Work to complete: Everything in the listing except the pictures should be written out exactly.

Data section:

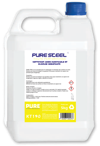 PURE STEEL est un produit pour le nettoyage et l’entretien des surfaces en inox. Résiste aux traces de doigt et au gouttes d’eau pour maintenir un aspect net pendant plus longtemps.
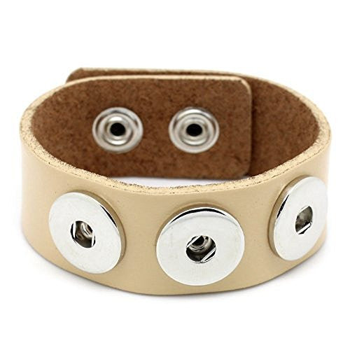Home › Chunk Charms › Real Leather Copper Buckle Bracelets Khaki Chunk Buttons Fit Interchangeable Snap Fasteners 24cmx2.4cm
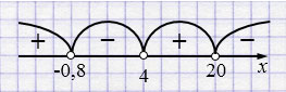 Ответ: \(x \in (-0,8; 4) \cup (20; +\infty)\).

Written answer:
 PURE STEEL est un produit pour le nettoyage et l’entretien des surfaces en inox. Résiste aux traces de doigt et au gouttes d’eau pour maintenir un aspect net pendant plus longtemps.
Home › Chunk Charms › Real Leather Copper Buckle Bracelets Khaki Chunk Buttons Fit Interchangeable Snap Fasteners 24cmx2.4cm
 Ответ: \(x \in (-0,8; 4) \cup (20; +\infty)\).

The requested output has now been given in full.